On Sunday night, actress Regina King will compete for a Golden Globe for her role in the freshman season of ABC's gritty drama American Crime. Although she's up against the likes of Orange Is The New Black's Uzo Aduba, King has pretty good odds: she already won an Emmy for the same role just last September. (Her victory likely caused many a viewer to think to themselves, "American What? What is this show I've never heard of?") This Wednesday, only four days before the Golden Globes ceremony, Season 2 of American Crime will premiere. If you're thinking it's too late to get onboard this show, thankfully, you're wrong. Because it is an anthology series, American Crime Seasons 1 and 2 will not be connected.
Just like FX's American Horror Story, the plot, location, and characters of American Crime will completely reset for the new season, while keeping most of the core cast intact. Just like viewers can expect to see Sarah Paulson and Evan Peters to pop up every year on AHS, Regina King and her co-stars — including Felicity Huffman and Timothy Hutton — will all be returning for another go-round on American Crime in 2016. This year, the action will shift from Modesto, California to Indianapolis, Indiana; the crime in question will center on a student who accuses members of his private school's championship basketball team of sexually assaulting him at a party.
The change in setting means that all of the show's cast will be playing brand new characters.

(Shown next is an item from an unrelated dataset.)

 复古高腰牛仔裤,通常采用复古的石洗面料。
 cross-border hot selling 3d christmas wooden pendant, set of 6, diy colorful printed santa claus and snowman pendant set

King will shift from supportive sister Aliyah Shadeed to the disbelieving mother of one of the accused teenagers. Meanwhile, Huffman and Hutton — who played the victim's parents last season — will this time play the school's president and basketball coach, respectively. Other returning cast members are Lily Taylor (as the victim's mother), Elvis Nolasco (as the public school's principal), and Richard Cabral. New faces joining the show for the first time in Season 2 include Hope Davis (most recently of FOX's Wayward Pines) and rapper André Benjamin as the husband of King's character.
The fact that so many faces will be recurring throughout the two seasons means that it would be difficult to connect the disparate crimes even if showrunner John Ridley (12 Years A Slave) wanted to. Of course, American Horror Story also started as a series of standalone seasons before more and more connections started to emerge between them, so who knows — Ridley could conceivably still change his mind. But while expecting audiences to suspend disbelief in regards to why multiple characters have the same face is par for the course in a fantastical horror series like AHS, the same thing probably wouldn't work as well on a straightforward drama like American Crime. How would Ridley explain the fact that a grieving mother in urban California and a wealthy principal in suburban Indiana are identical twins?

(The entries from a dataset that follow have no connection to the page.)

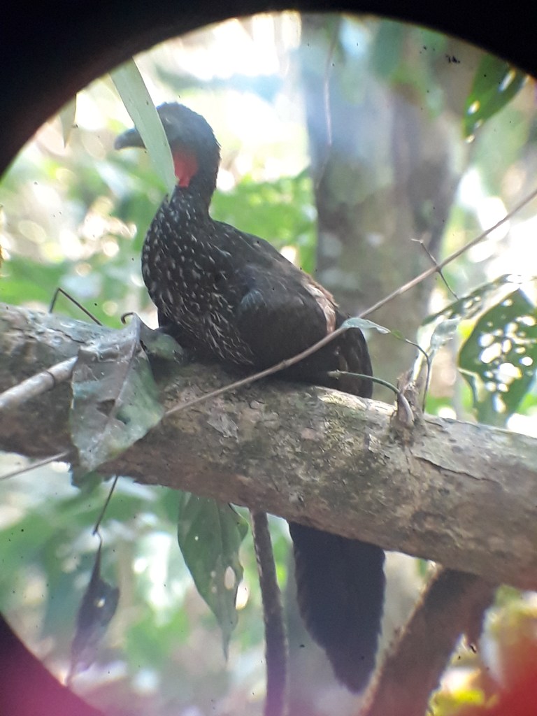 « Hum, Hum « un son très grave se fait entendre. On imaginerait un buffle au moins, Roy cherche dans les arbres. C’est une sorte de dindon avec un bec jaune qui perche sur les branches. Invisible, nous le verrons plus tard.
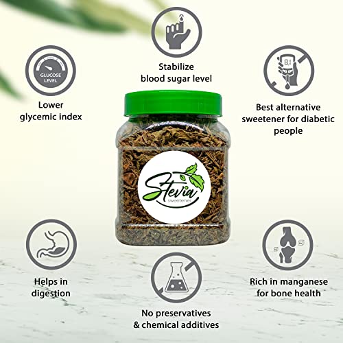 My village brings you Stevia Dry Leaves that act as a good alternative to sugar. Stevia dry leaves are a natural sweetener that is very low in calories. It is the leaf of the Stevia plant and is used to provide a sweet taste in food and beverages. Stevia dry leaves contain many vital minerals vitamins that are absent in artificial sweeteners. It is a perfect way to remain fit and healthy without any compromise with taste and health. Place it in a dry and cool room also avoid direct sunlight. The leaves contain a number of sweet-tasting chemicals known as steviol glycosides which can be used fresh or dried to sweeten beverages or desserts or can be commercially processed into powdered noncaloric. (i.e. they do not affect blood glucose levels). it is the healthiest alternative for sugar.
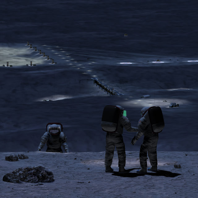 In a series of 17 incremental missions, a human base would be built, made operational and occupied. It starts with setting up communication and navigation satellites around the Moon to enable precision operation for the robotic systems.
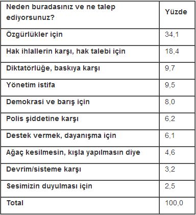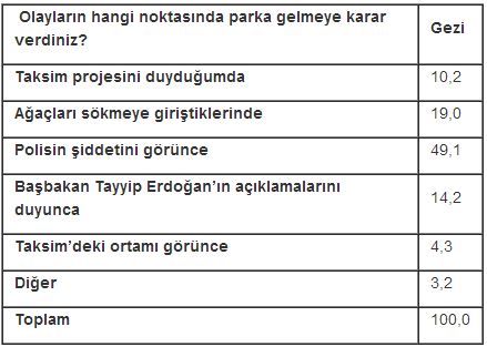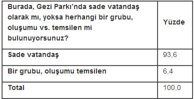 Olaylar geçtikçe sade vatandaş olarak gelenler yüzde 85’ten yüzde 97’ye kadar çıkmış. Parktakilerin yüzde 47’sini sade vatandaş olup polis şiddetini gördüğü noktada gitmeye karar verenlerden oluşuyor.
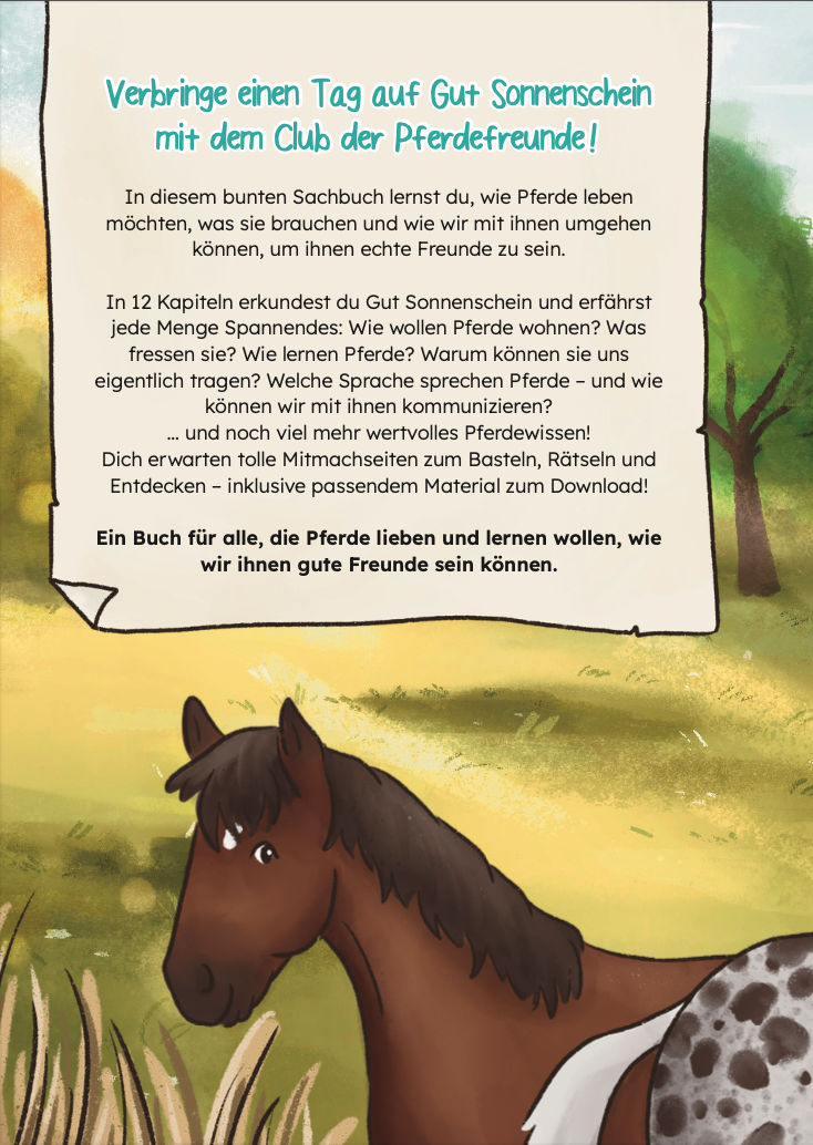 Das Buch steckt voller wertvollem Pferdewissen, Mitmachseiten und Bastelideen. So lernen Kinder spielerisch, was echte Freundschaft zwischen Mensch und Pferd bedeutet. Perfekt für kleine Pferdefreund:innen – und alle, die mehr über ihre Lieblinge erfahren möchten.

It's probably best for American Crime if the seasons remain distinct and disconnected. This is a series that's devoted to realism, to portraying uncomfortable truths about our country with unflinching honesty; if the show's dedication to realism were to start being called into question, it would undermine the entire endeavor. That's good new and bad news — bad if you were attached to Season 1's characters and are disappointed to hear that they won't be returning, but good for those TV viewers who might have missed the first season as it flew under the radar, and are now able to tune into the second season with no fear of missing anything when it premieres on Jan. 6 at 10 p.m.